• **WHAT THE EXERCISE ASKS**: Where the data below contains pictures, omit them; output the rest word for word.
• • •
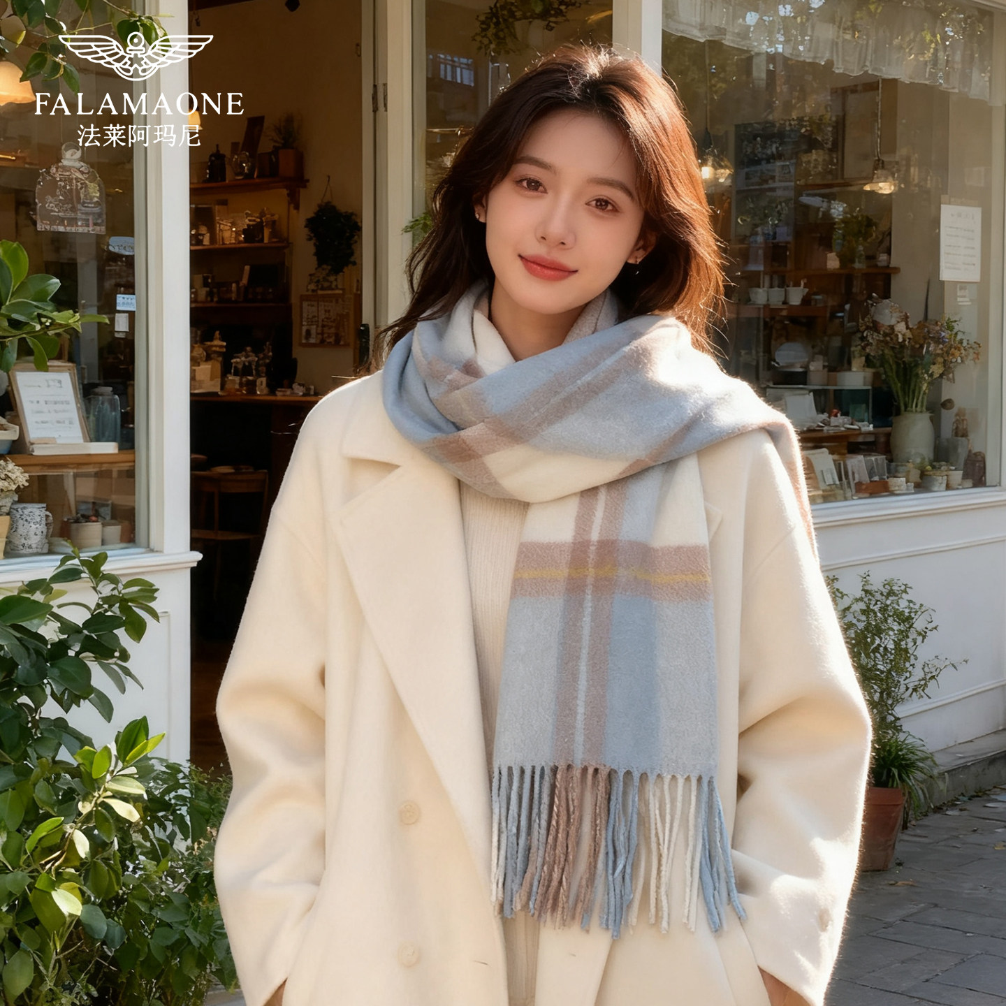 法莱阿玛尼正品100%纯羊毛围巾女2025新款秋冬季高级感披肩礼物
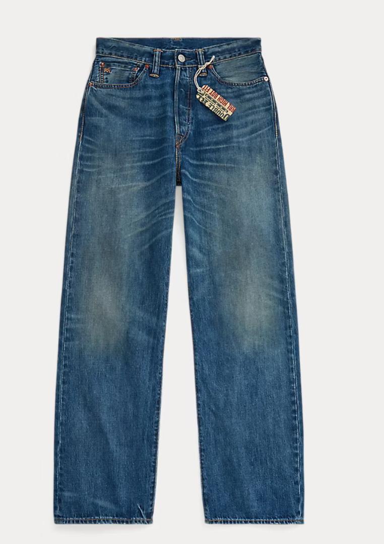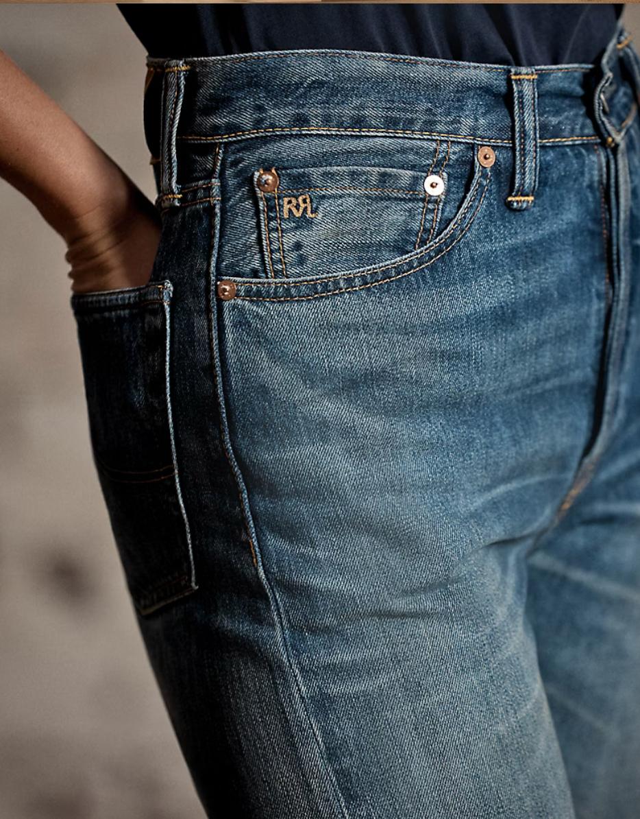 - American-made button, rivets, and washer burrs. Five-pocket styling. “RRL” embroidery at the coin pocket. "RRL"-debossed logo patch at the back right waist. Dyed with indigo, which may rub off onto fabrics, leather, and upholstery.
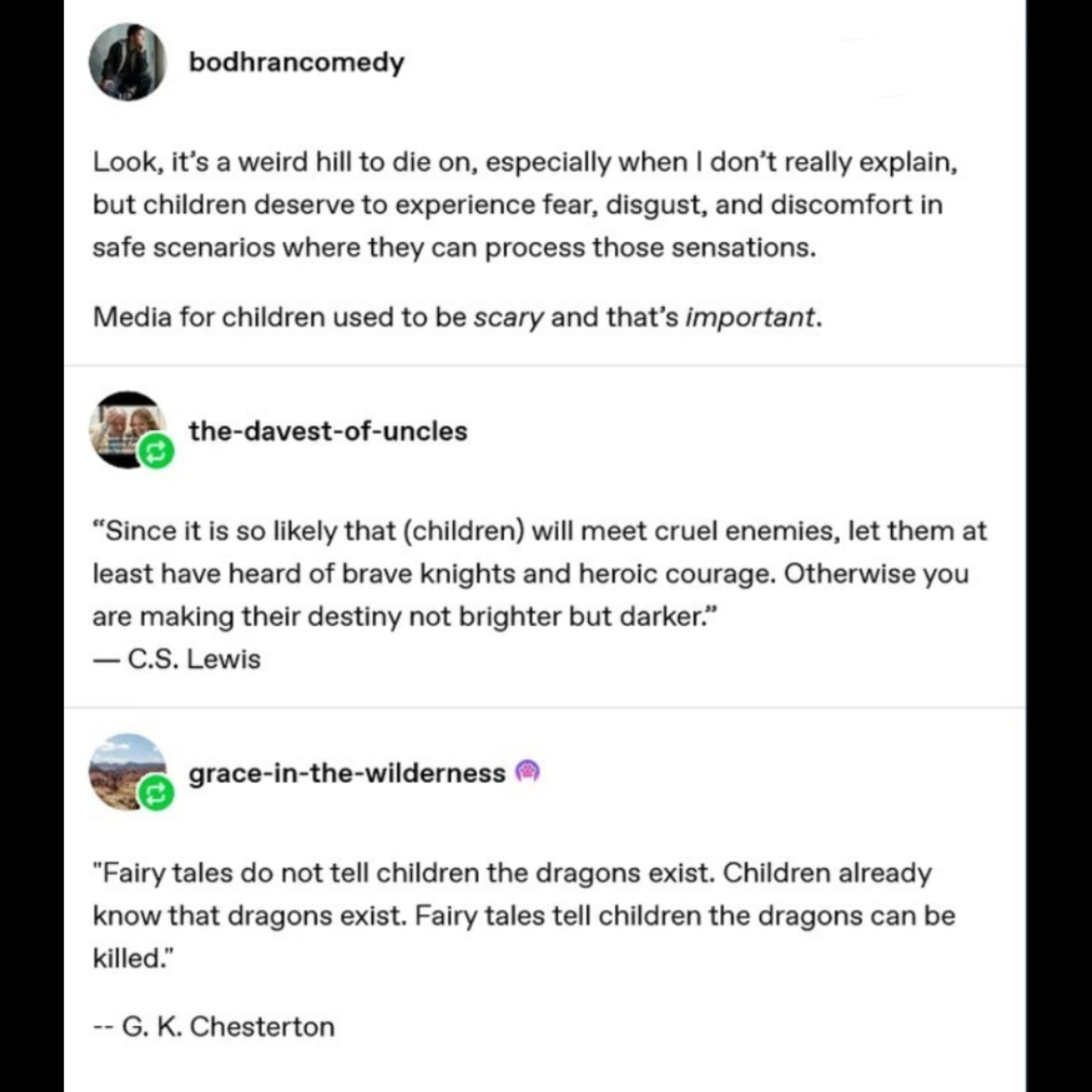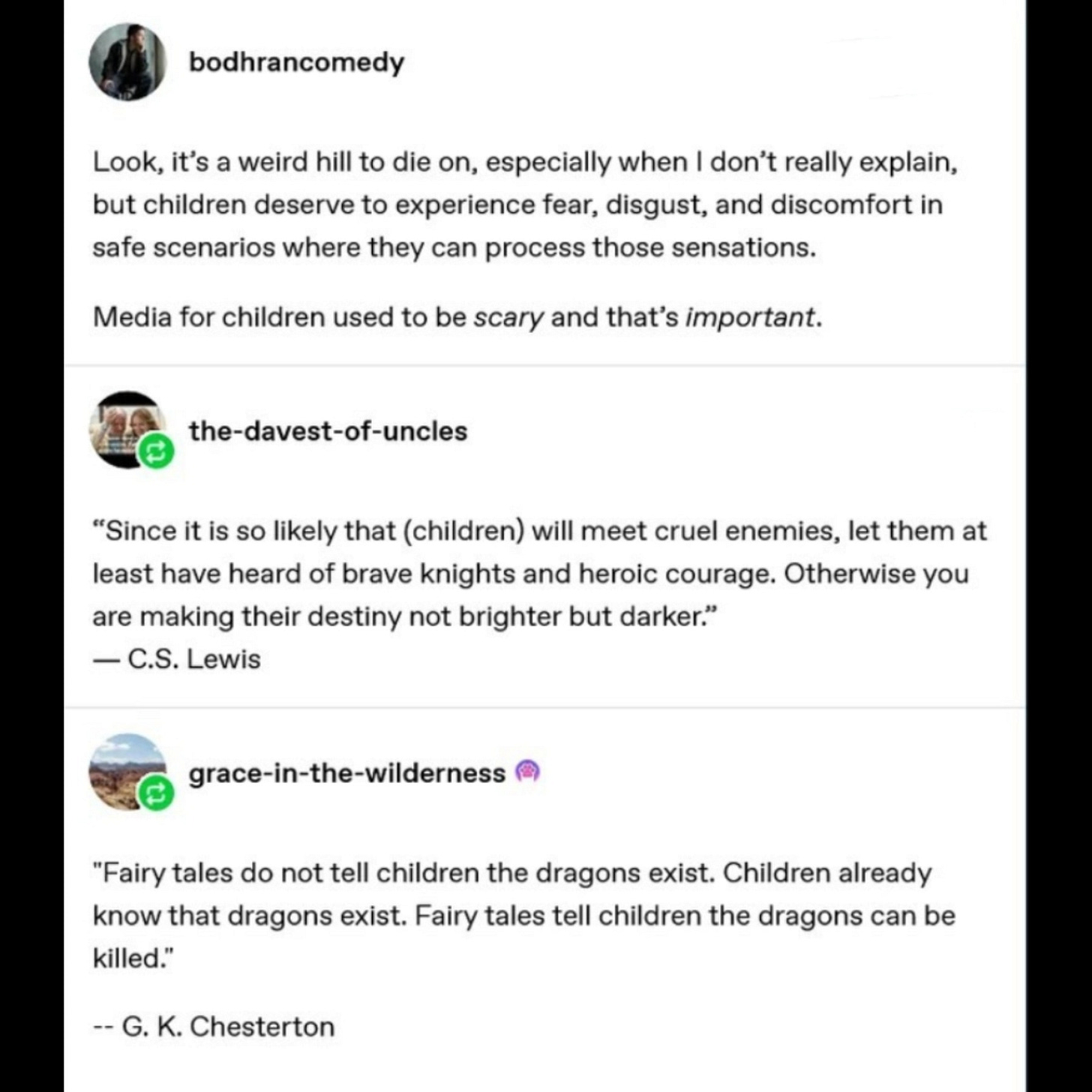 Fairy tales, then, are not responsible for producing in children fear, or any of the shapes of fear; fairy tales do not give the child the idea of the evil or the ugly; that is in the child already, because it is in the world already. Fairy tales do not give the child his first idea of bogey. What fairy tales give the child is his first clear idea of the possible defeat of bogey. The baby has known the dragon intimately ever since he had an imagination. What the fairy tale provides for him is a St. George to kill the dragon. Exactly what the fairy tale does is this: it accustoms him for a series of clear pictures to the idea that these limitless terrors had a limit, that these shapeless enemies have enemies in the knights of God, that there is something in the universe more mystical than darkness, and stronger than strong fear.
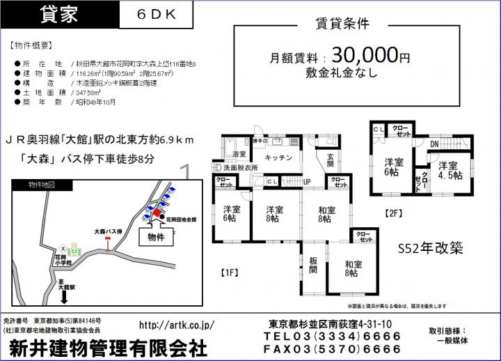 | 物件名 | 大館市花岡町字大森上岱116番地8 6DK 30,000円 |
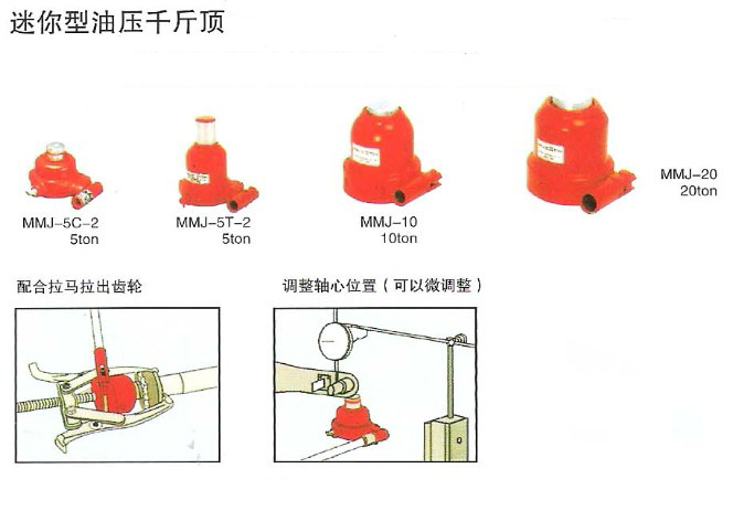 安裝重物時,微量調整位置等,非常方便。超小型油壓千斤頂。
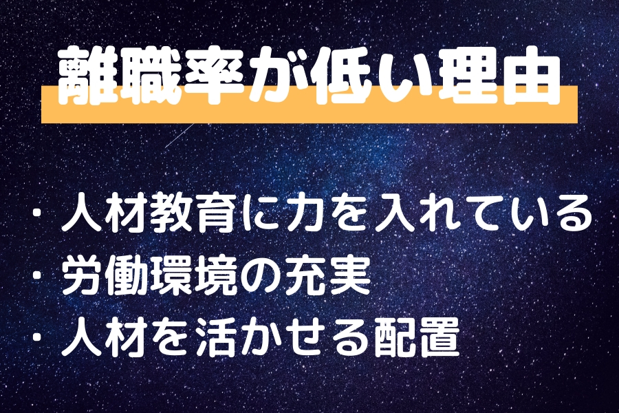離職率が低い企業には、どんな特徴があるのでしょうか。離職率が低い理由として挙げられるTOP3の項目をご紹介します。
• • •
• **ANSWER BELOW**:
 法莱阿玛尼正品100%纯羊毛围巾女2025新款秋冬季高级感披肩礼物
 - American-made button, rivets, and washer burrs. Five-pocket styling. “RRL” embroidery at the coin pocket. "RRL"-debossed logo patch at the back right waist. Dyed with indigo, which may rub off onto fabrics, leather, and upholstery.
 Fairy tales, then, are not responsible for producing in children fear, or any of the shapes of fear; fairy tales do not give the child the idea of the evil or the ugly; that is in the child already, because it is in the world already. Fairy tales do not give the child his first idea of bogey. What fairy tales give the child is his first clear idea of the possible defeat of bogey. The baby has known the dragon intimately ever since he had an imagination. What the fairy tale provides for him is a St. George to kill the dragon. Exactly what the fairy tale does is this: it accustoms him for a series of clear pictures to the idea that these limitless terrors had a limit, that these shapeless enemies have enemies in the knights of God, that there is something in the universe more mystical than darkness, and stronger than strong fear.
 | 物件名 | 大館市花岡町字大森上岱116番地8 6DK 30,000円 |
 安裝重物時,微量調整位置等,非常方便。超小型油壓千斤頂。
離職率が低い企業には、どんな特徴があるのでしょうか。離職率が低い理由として挙げられるTOP3の項目をご紹介します。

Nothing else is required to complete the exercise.